The decisive action taken by Truman had the desired effect as the following day, the Japanese government issued a statement accepting the terms of the Potsdam Declaration. In a radio address in the early afternoon of August 15 (August 14 in the United States), Emperor Hirohito urged his people to accept the surrender, blaming the use of the “new and most cruel bomb” on Hiroshima and Nagasaki for the country’s defeat. “Should we continue to fight,” Hirohito declared, “it would not only result in the ultimate collapse and obliteration of the Japanese nation but would also lead to the total extinction of human civilisation.”

A nationwide broadcast by President Truman was aired at 7 p.m. on Tuesday, August 14, announcing the communication and that the formal event was scheduled for September 2. In his announcement of Japan’s surrender on August 14, Truman said that “the proclamation of V-J Day must wait upon the formal signing of the surrender terms by Japan“.

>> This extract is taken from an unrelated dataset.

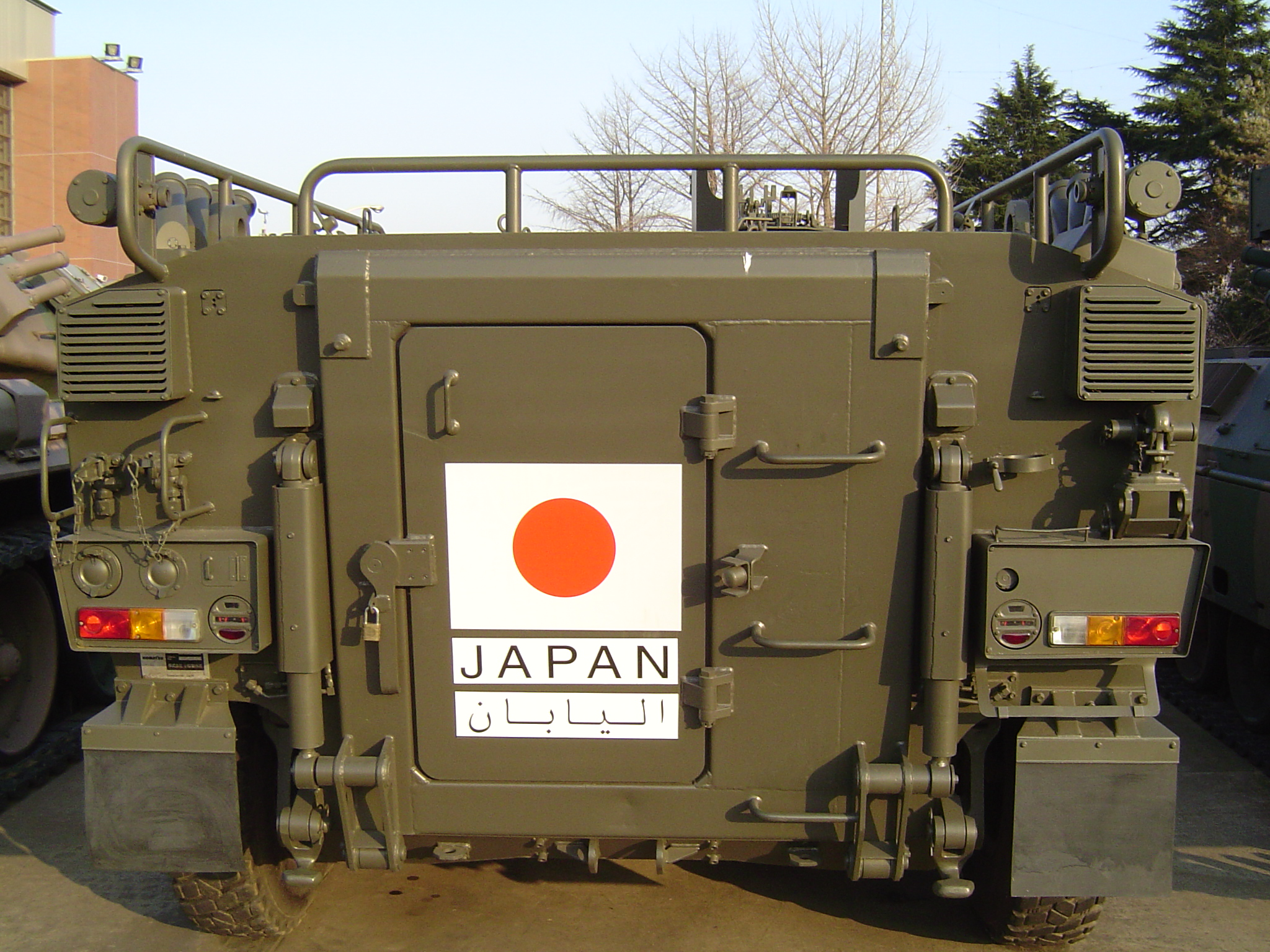 APC type 96 of JGSDF at JGSDF PI center. ja:96式装輪装甲車

The most famous kiss captured

A very famous embrace. Times Square 1945

Shortly after the announcement by President Truman people began to gather in celebration, and one of the best-known kisses was captured in a photograph by Alfred Eisenstaedt who went to Times Square to take candid photographs of the revelries and captured a sailor who kissed a nurse in a triumphant embrace.

A group of men from Manchester who were imprisoned by the Japenese at Changi Prison Singapore

The Fall out

On August 15 and 16, some Japanese soldiers, devastated by the surrender, committed suicide. Well over 100 American prisoners of war were also murdered. In addition, many Australian and British prisoners of war were murdered in Borneo, at both Ranau and Sandakan, by the Imperial Japanese Army. At Batu Lintang Camp also in Borneo, death orders were found which proposed the murder of some 2,000 POWs and civilian internees on September 15, 1945, but the camp was liberated four days before these orders were due to be carried out.

Japanese forces remained in combat with Soviet forces on several fronts for two weeks following VJ-Day.

The Final End

Since the European Axis Powers had surrendered three months earlier on V-E Day, V-J Day was the effective end of World War II, although a peace treaty between Japan and most of the Allies was not signed until 1952, and between Japan and the Soviet Union in 1956.

The DCLI on VJ Day

Telegram on display at Bodmin Keep which was sent the day of Japanese surrender

The only DCLI Battalion that was directly impacted by Victory over Japan Day was the 1st Battalion who were training in Sussex in preparation for deployment for war against Japan in Burma when the Japanese surrendered.

We have a telegram on display in the museum which was sent on August 15th 1945 from the Secretary of State for India in London to the Governor General in New Delhi. Notifying them of the end of hostilities and the declaration of surrender by the Japanese Emperor and that the Wednesday and Thursday would be public holidays!